Nickfromwales replied to Moira Niedzwiecka's topic in Other Heating Systems
Can I ask why you don't want UFH ? -
I'm currently spec'ing two installs exactly as you've described. I'm doubling up first as last though as a 'single box solution' offers zero redundancy. I'd say save the money of ducting and pulling insulated ASHP pipework ( not cheap stuff to fit and then not use ) and look at keeping sufficient redundant space for a second Sunamp unit . These struggle a bit first getting the house to ambient, but after that they should perform exceptionally well, for as 'passive standard' usually means little and often for space heating and a correctly sized bulk for chunks of DHW. The good thing about the 3rd gen units is the near linear input of energy, e.g. 3kw of electricity input to a 9kw unit needs only ~3 hours to fully recover from a FULLY discharged state. Best to do as I have and design in some redundancy so you can cope with guest / high use of DHW. ( Space heating is a mere burp as far as these are concerned so focus closely on DHW capacity ). The 3g units have two pairs of 'flow and return' connections ( 2 x heat exchangers ) so space heating ( not potable ) and DHW ( potable ) can both be drawn from the same unit but always remain hydraulically separated.
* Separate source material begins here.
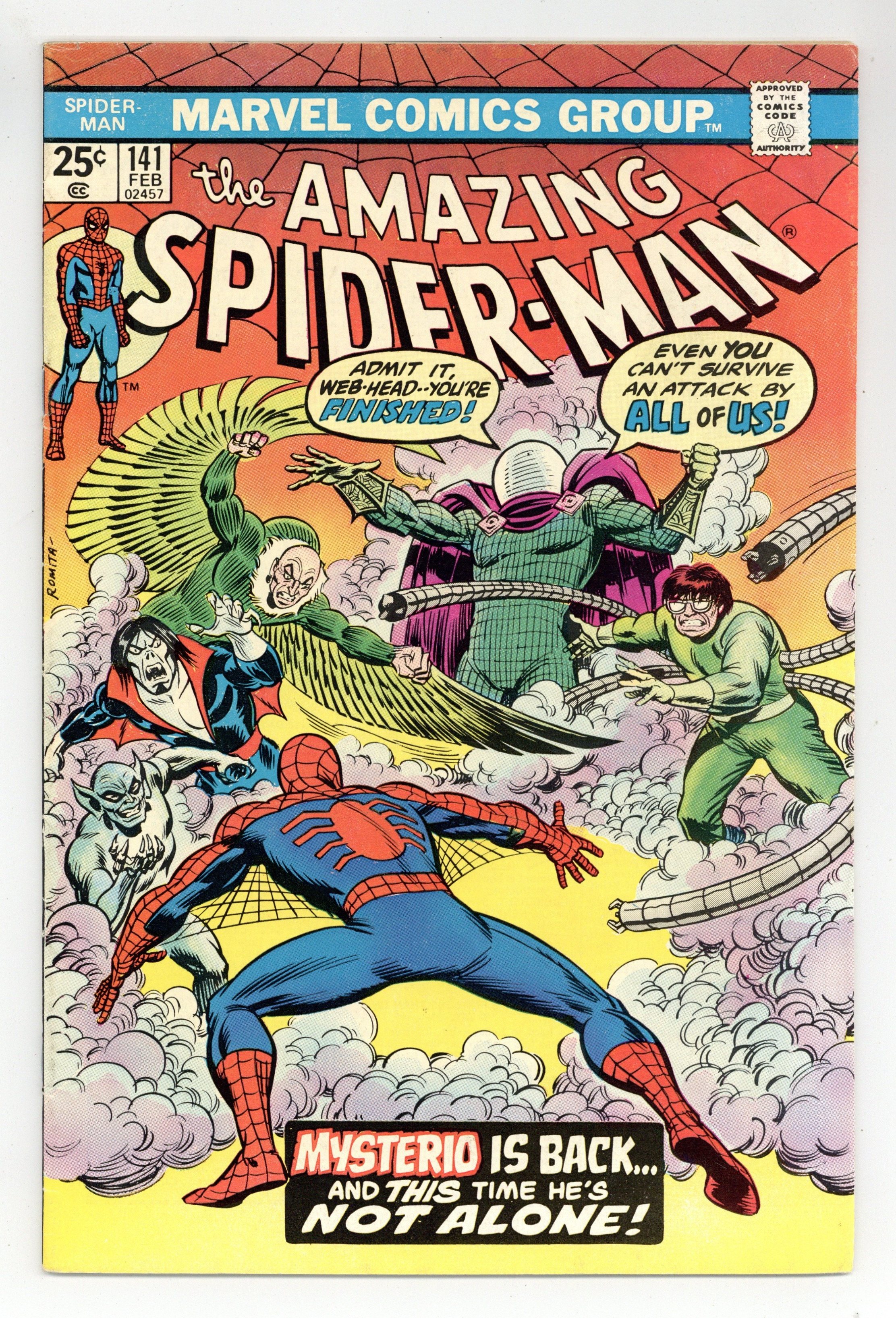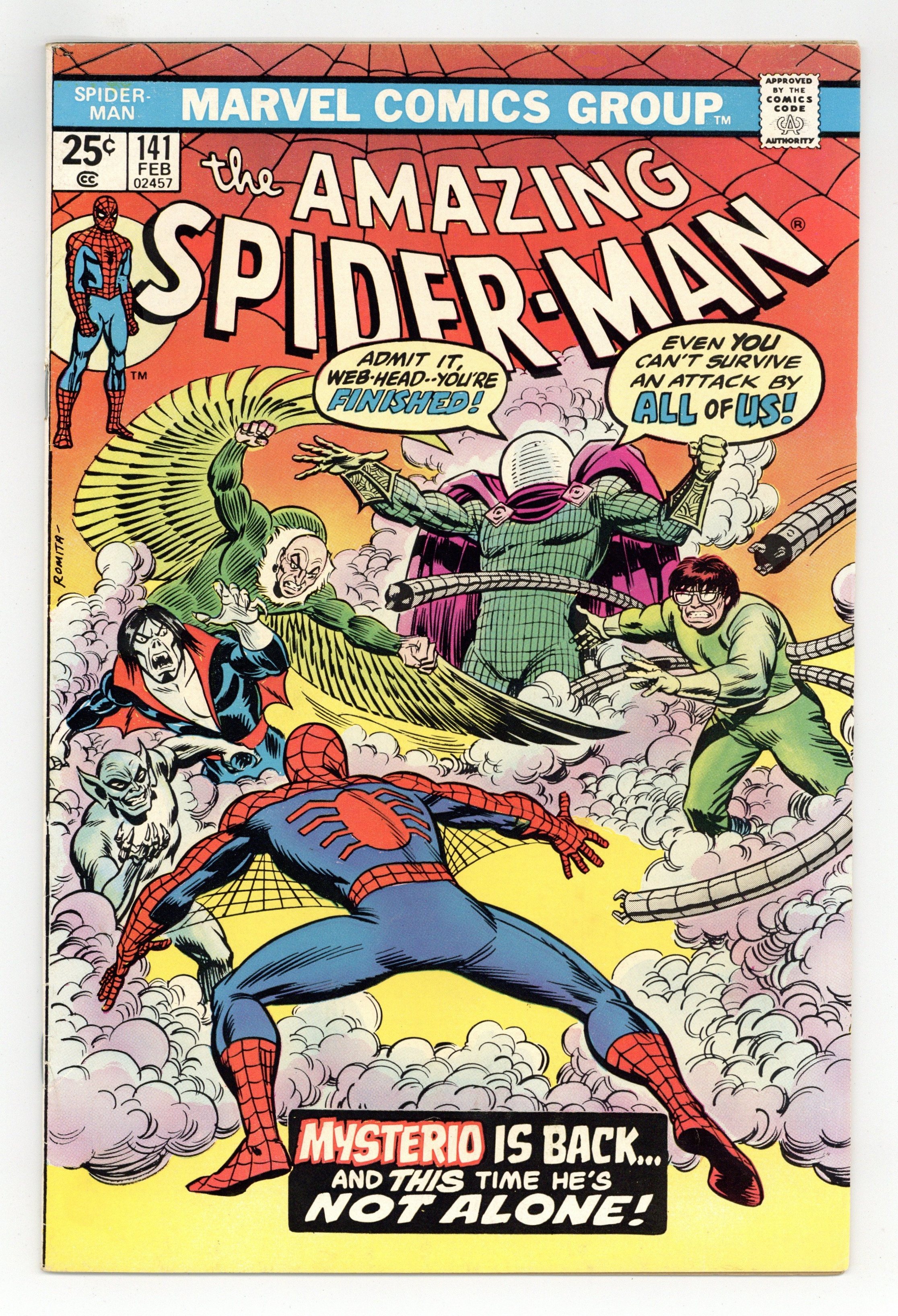 First appearance of the second Mysterio (aka Danny Berkhart) in "The Man's Name Appears to Be...Mysterio!" Part 1 of 2. Script by Gerry Conway. Pencils by Ross Andru. Inks by Frank Giacoia and Dave Hunt (backgrounds). Cover by John Romita. The Amazing Spider-Man decides to take the Spider-Mobile for a spin! But after evading New York's Finest, he accidentally crashes into the Hudson River! Scratch one Spider-Mobile! The mist and fog tricked the web-slinger! The next day when the wall-crawler sees apparitions on his deadly foes including the Green Goblin, Dr. Octopus, and the Molten Man; he realizes that the Master of Illusion has returned! Can Spider-Man stop the madness...before he goes mad himself? Cameo appearances by Mary Jane Watson, Betty Brant, Ned Leeds, Joe Robertson, J. Jonah Jameson, and Professor Miles Warren. (Notes: The web-slinger previously battled the original Mysterio in Amazing Spider-Man 67. The letters page includes Marvel Value Stamp series A #35 Killraven by Herb Trimpe and Frank Giacoia. This story was reprinted in Marvel Tales 118.) 36 pages. 25c cover price. Cover price $0.25.

Another good point to make is that either heat exchanger can consume the entire stored energy of the unit, so a 9 kw unit with 2 heat exchangers doesn't offer 2 x 4.5kw 'sides', it can give all 9kw to the space heating HE OR all 9kw to the DHW HE. Tidy . As it has no internal pumps and controls etc, compared to the quite complex SAPV unit, you can inject heat energy near linear to consumption, which makes these a very versatile solution. Im suitably impressed so far, and Andys advice to run one unit and see how it goes is pretty much the benchmark you shouid observe. There is little useful case study to date so seeking advice is unfortunately the only measure you can practically observe.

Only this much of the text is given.